Doctors treat Taras Mykolaichuk, who was hit in the dorsal area by a piece of mortar.
Over the past years, enemy forces has repeatedly targeted medical centers, health facilities, obstetric units and emergency vehicles. According to human rights groups, 261 medical personnel have been fatally attacked in almost 2,000 assaults. The underground facility is constructed from four steel bunkers, with timber beams, soil and sand laid on top up to the surface. It can withstand direct hits from large-caliber projectiles and even three 8kg explosive devices dropped by drone.
A major steel and mining company, which financed the building, plans to build 20 facilities in total. The head of the nation's national security council and former military leader, the official, said they would be “critically essential for preserving the lives of our armed forces and assisting defenders on the battlefront.” The organization described the initiative as the “most ambitious and challenging” it had implemented after Russia’s invasion.

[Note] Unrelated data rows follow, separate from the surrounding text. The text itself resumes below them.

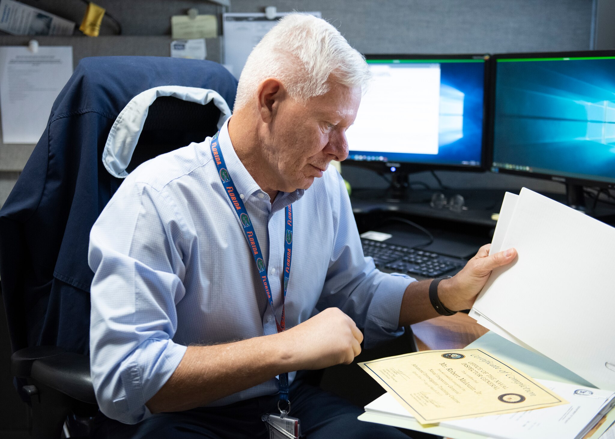 Naval Surface Warfare Center Panama City Division Command Investigations Office investigator Robert L. Malouin, Jr. reviews his certificate of completion that led to his certification as Inspector General Hotline Advanced Investigator. Malouin’s achievement makes him a part of a small group of investigators across the Naval Sea Systems Command enterprise to obtain the distinction.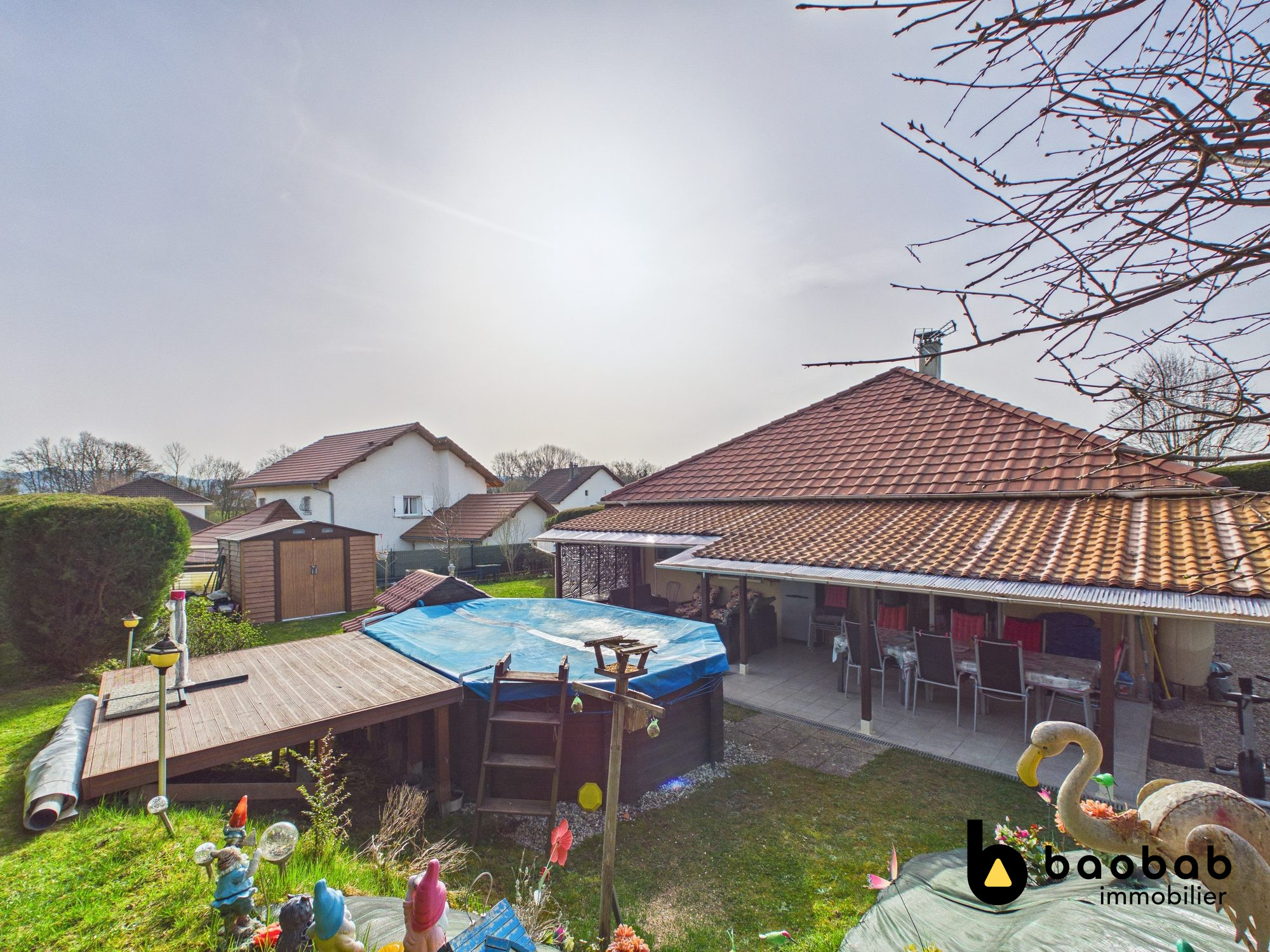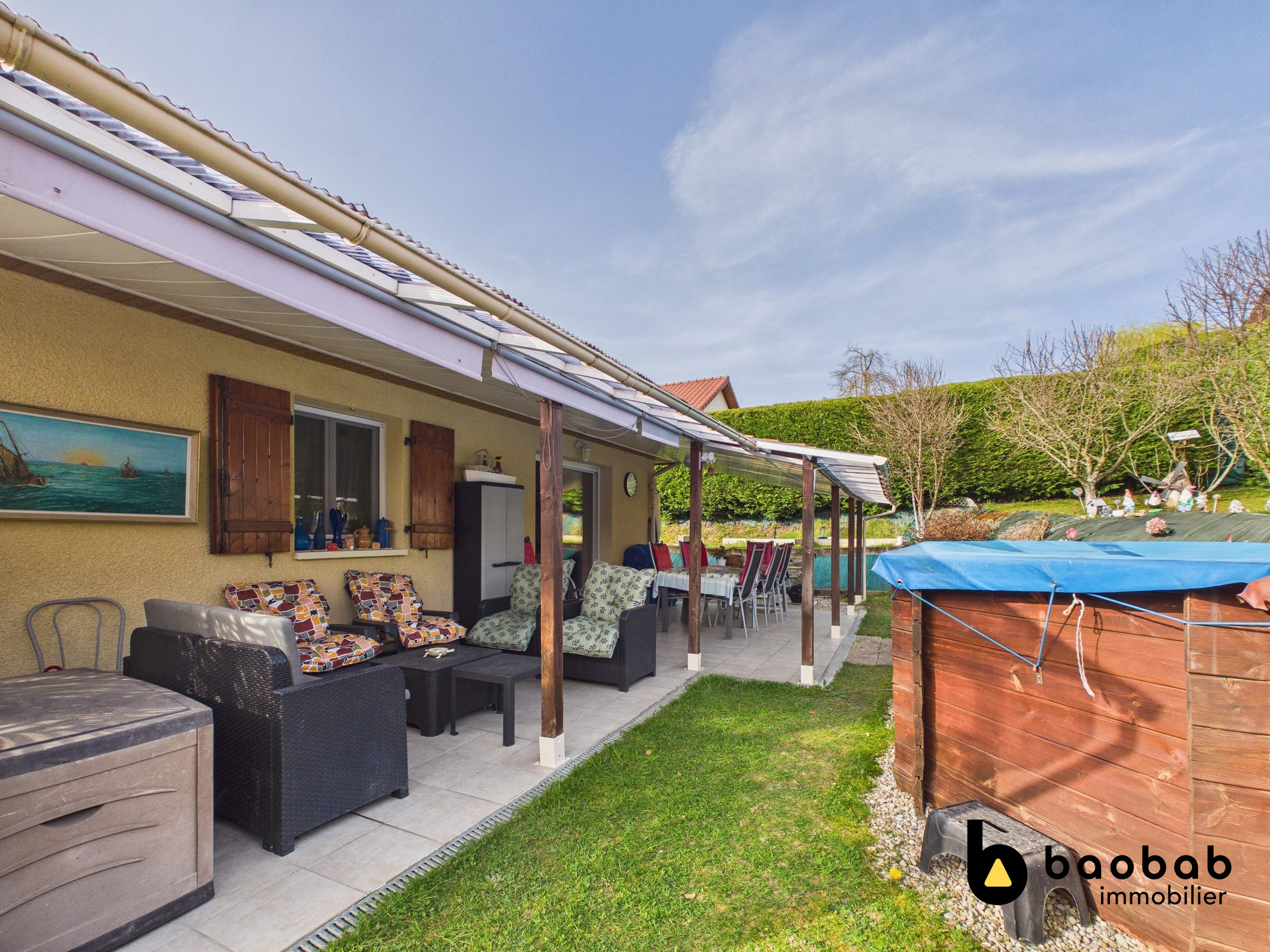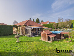 Construite avec des matériaux modernes et de qualité, la maison bénéficie de prestations soignées conformes à la réglementation thermique RT 2012, garantissant confort, performance énergétique et durabilité. Les menuiseries aluminium équipées de volets roulants, associées aux larges ouvertures vitrées, apportent une luminosité exceptionnelle et renforcent le caractère contemporain du bien. La toiture en bac acier gris anthracite ainsi que le bardage aux lignes épurées soulignent l'esthétique architecturale moderne de la propriété. Grâce à sa superbe terrasse d'environ 50 m2, véritable atout du bien, idéalement exposée sud-ouest et face à la vallée, vous profiterez d'un espace de vie extérieur privilégié pour profiter des repas en famille, des moments de convivialité ou simplement du panorama sur les montagnes. À l'intérieur, la maison offre des volumes remarquables, notamment grâce à un séjour avec plafond cathédrale qui accentue la sensation d'espace et de lumière. Les grandes ouvertures permettent de profiter pleinement de la vue sur la vallée et les montagnes environnantes. Une mezzanine surplombant la pièce de vie offre de nombreuses possibilités d'aménagement : espace bureau, coin lecture, chambre supplémentaire ou espace détente selon les envies des futurs propriétaires. À l'extérieur, la propriété offre un bel espace permettant d'imaginer différents aménagements paysagers. Le terrain permet notamment d'envisager l'installation d'une piscine, d'un espace détente ou encore d'un jardin familial. Un espace de stationnement extérieur complète le bien, avec la possibilité d'aménager un appentis permettant d'abriter les véhicules. Cette propriété rare combine ainsi architecture contemporaine, emplacement stratégique et fort potentiel d'aménagement, que ce soit pour une résidence principale moderne ou un projet d'investissement. Un bien rare sur le secteur, offrant un cadre de vie moderne et lumineux à proximité immédiate de toutes les commodités. À découvrir sans tarder.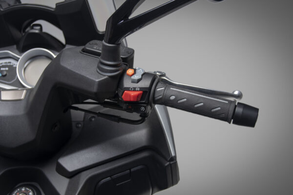 L’altezza del parabrezza è regolabile su 5 livelli, manualmente e senza uso di attrezzi. Così,Kymco XCITING 400 TCS scooter termico si adatta facilmente alla statura di ciascun pilota e alle più diverse condizioni di guida. Il nuovo manubrio, a forma di “V”, migliora la precisione di guida e ottimizza la visibilità del cruscotto. L’ergonomia è stata progettata per offrire la massima comodità al pilota e al passeggero.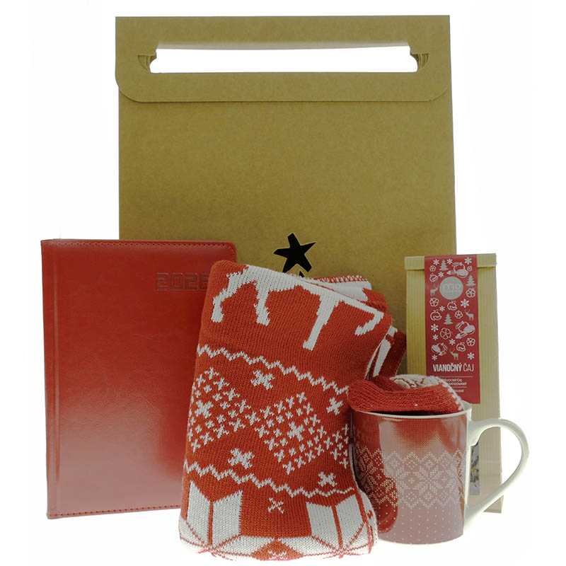 Darčeková taška stredná > prírodná > 40x28x10 cm, Vianočný šál > červená, Vianočná sada - hrnček a rukavice > červená, Vianočný čaj 100 g, Diár (Elegant 2026) - 15x21x2,4 cm > červená > denný A5
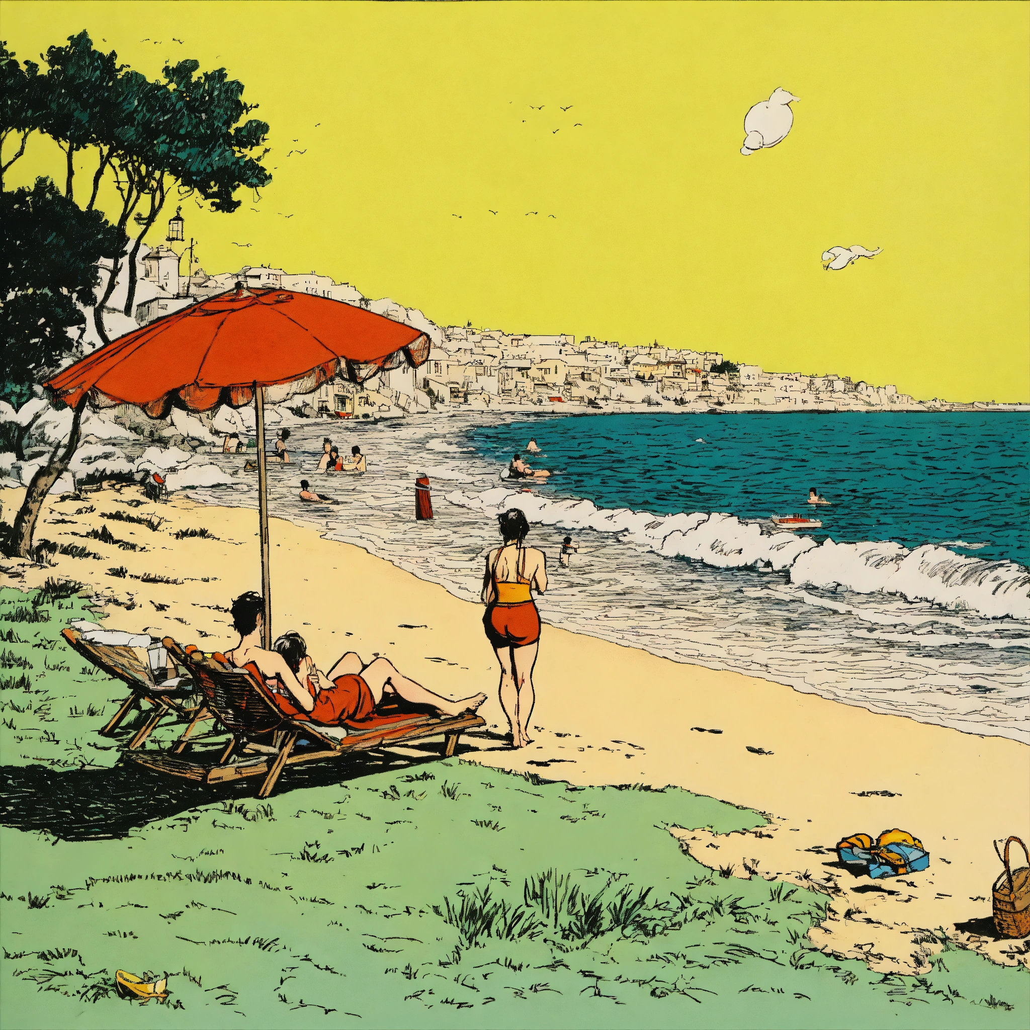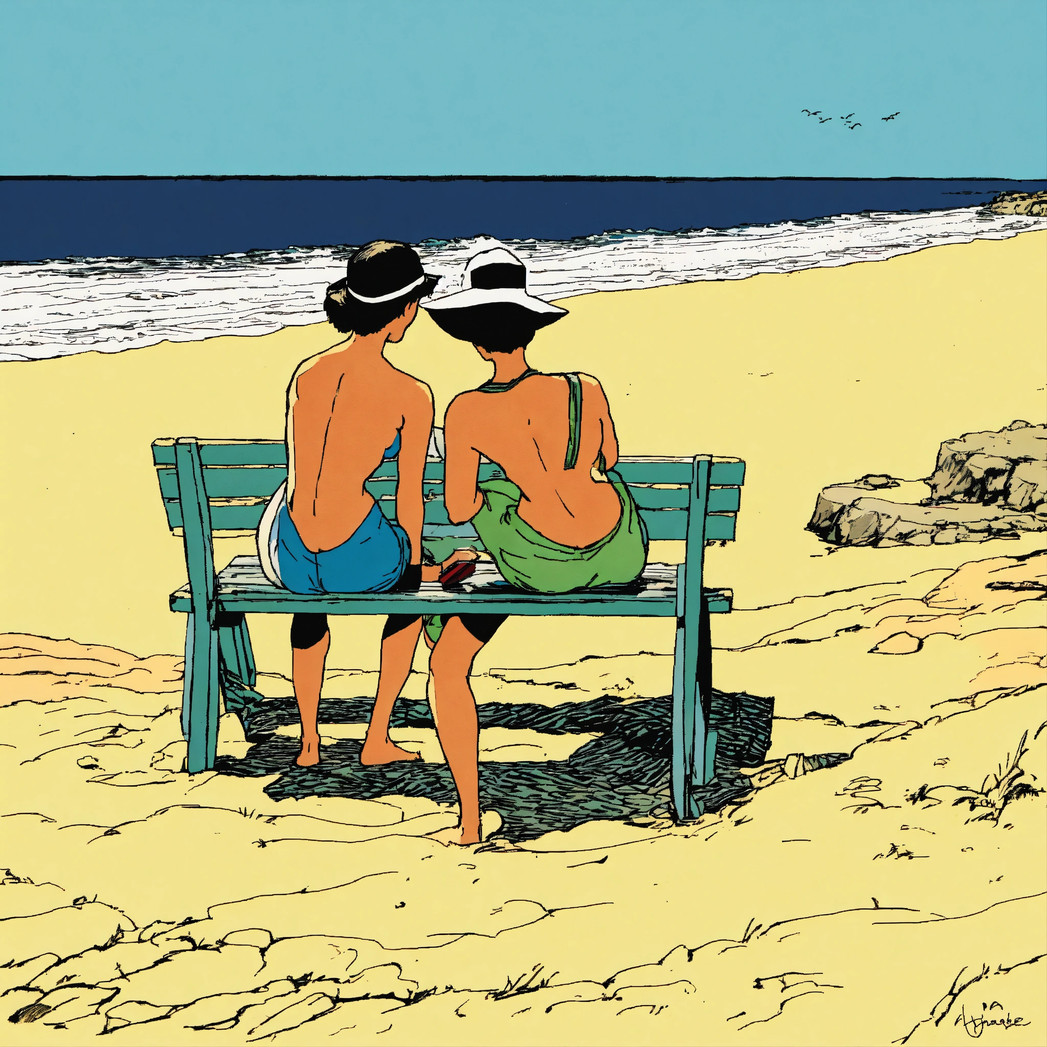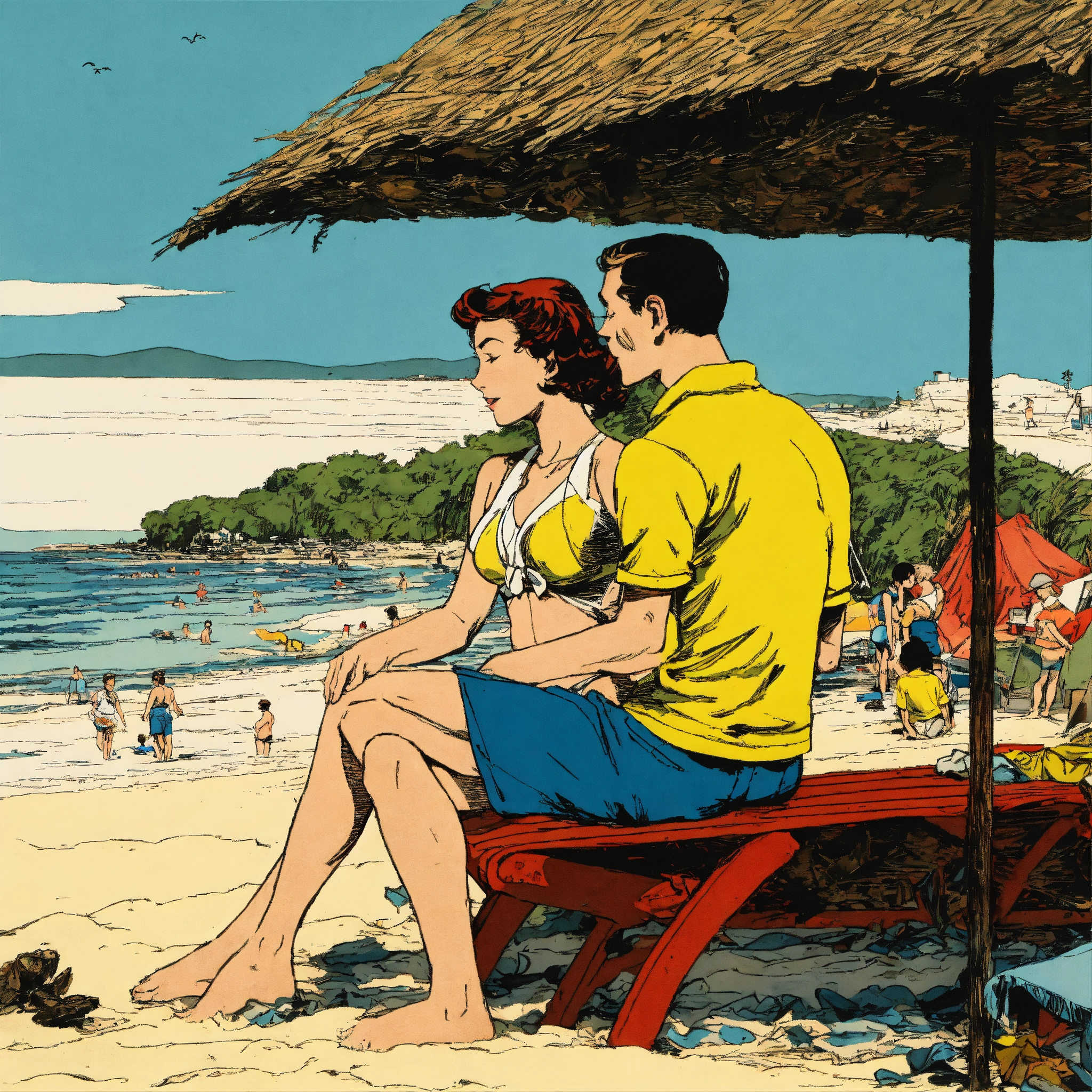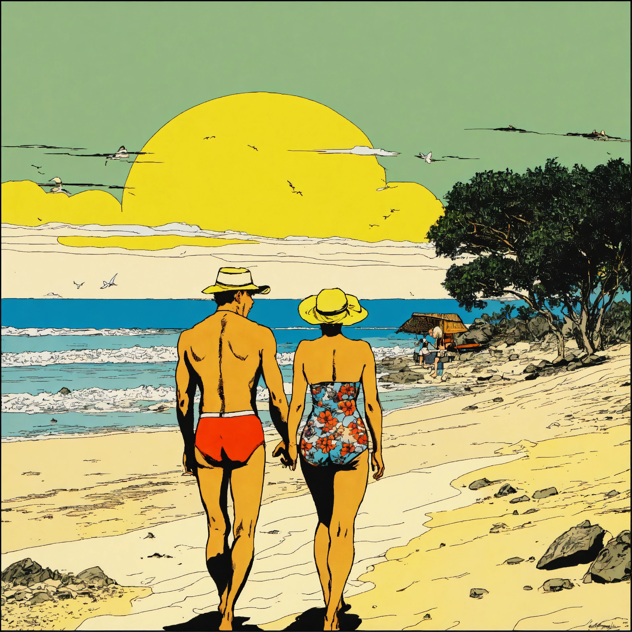 Pen and ink, illustrated by hergé, a loving couple in swim suits alone forever. stunning color scheme, masterpiece.beach scene
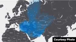 На карте зоны покрытия луча Central Asia-Ku спутника Eutelsat 70B это наглядно видно. Скриншот с сайта Eutelsat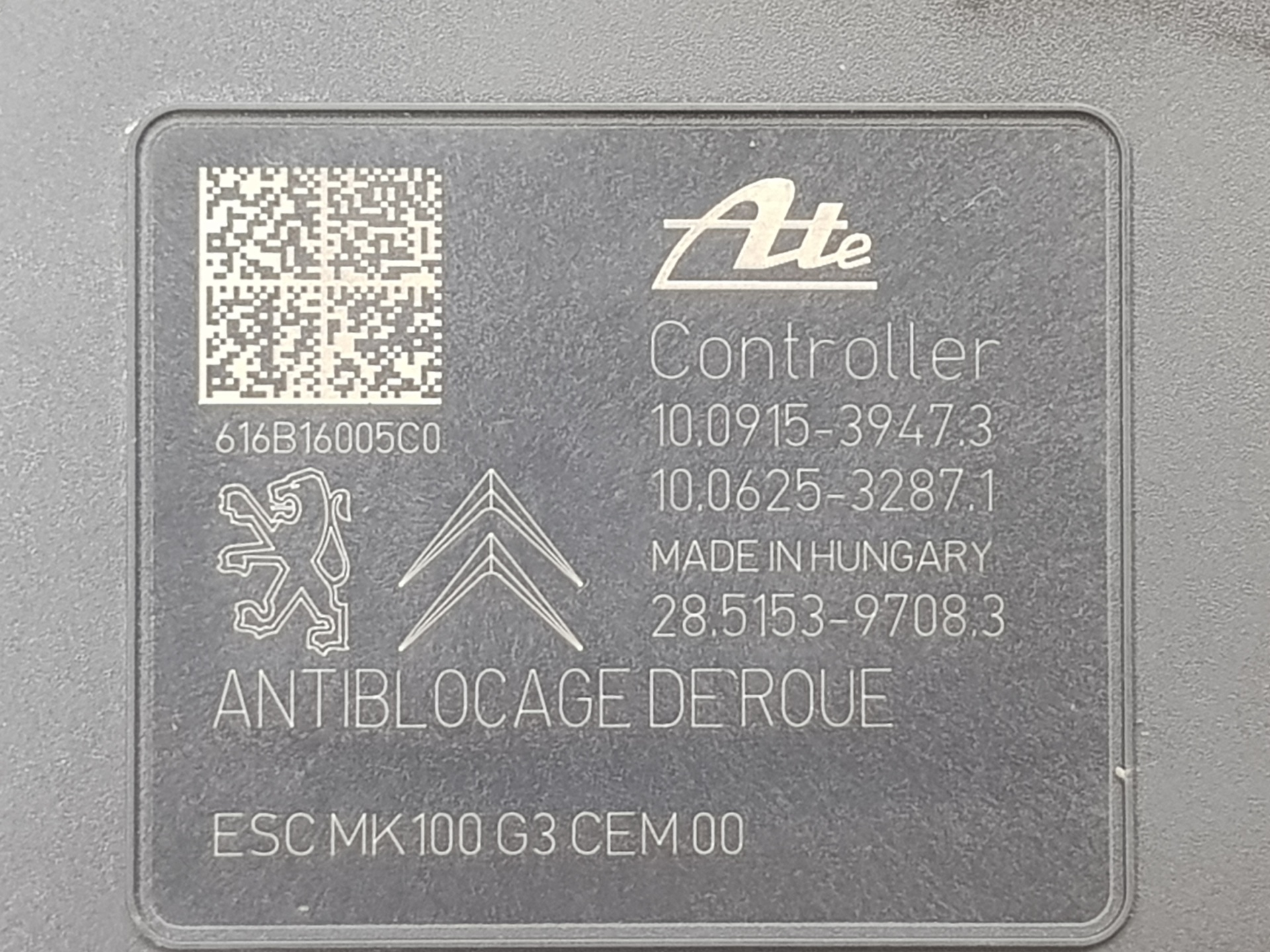 ABS CITROEN C-ELYSÉE 1616784380 | 1616784380 Referencia TELEPECAS: 6937955 15 Mai 2020 |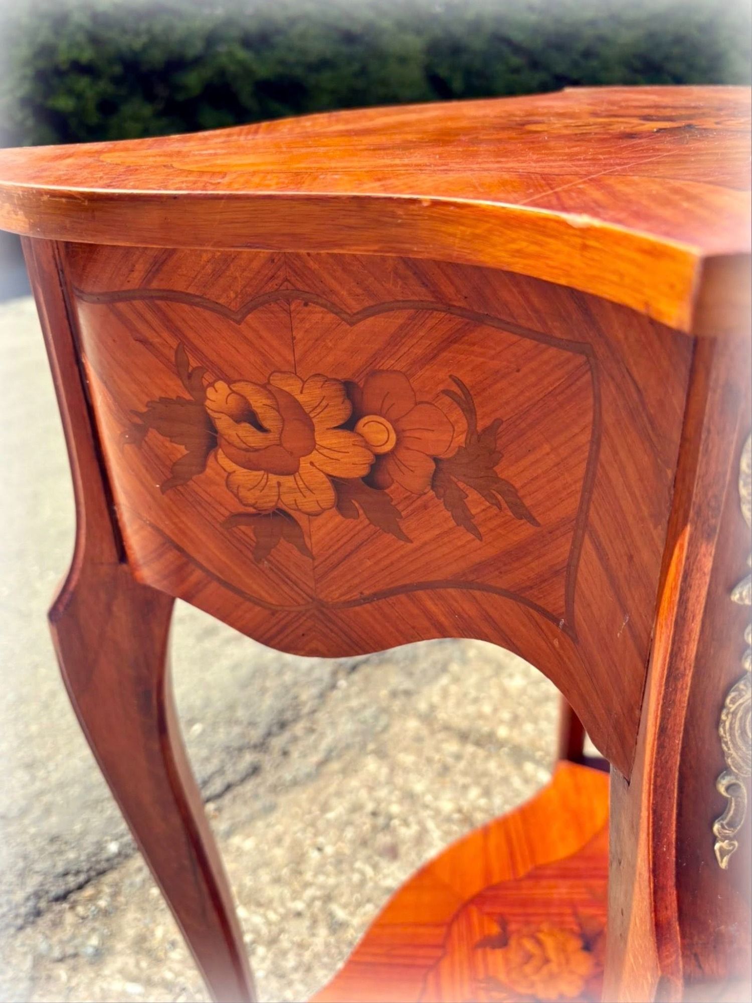It features intricate floral inlay, elegant cabriole legs, and detailed brass mounts.

One of the centre’s operating theatres.
The surgeon, explained certain wounded soldiers had to endure delays hours or even multiple days before they could be transported due to the threat of aerial attacks. “We had a pair of critically ill casualties who arrived at 3am. It was necessary to perform a double amputation on a patient. The soldier's bleeding control device had been on for such an extended period there was no alternative.” How did he cope with traumatic surgeries? “I’ve been medicine for 20 years. One must focus,” he remarked.
Orderlies transported Mykolaichuk up the tunnel and into an emergency vehicle. The transport was parked beneath a shrub. The patient and the other military members were transferred to the urban center of Dnipro for further treatment. The subterranean hospital staff took a break. The hospital’s orange feline, the mascot, padded up to the entrance to greet the incoming patients. “We are open around the clock,” the surgeon said. “The work is continuous.”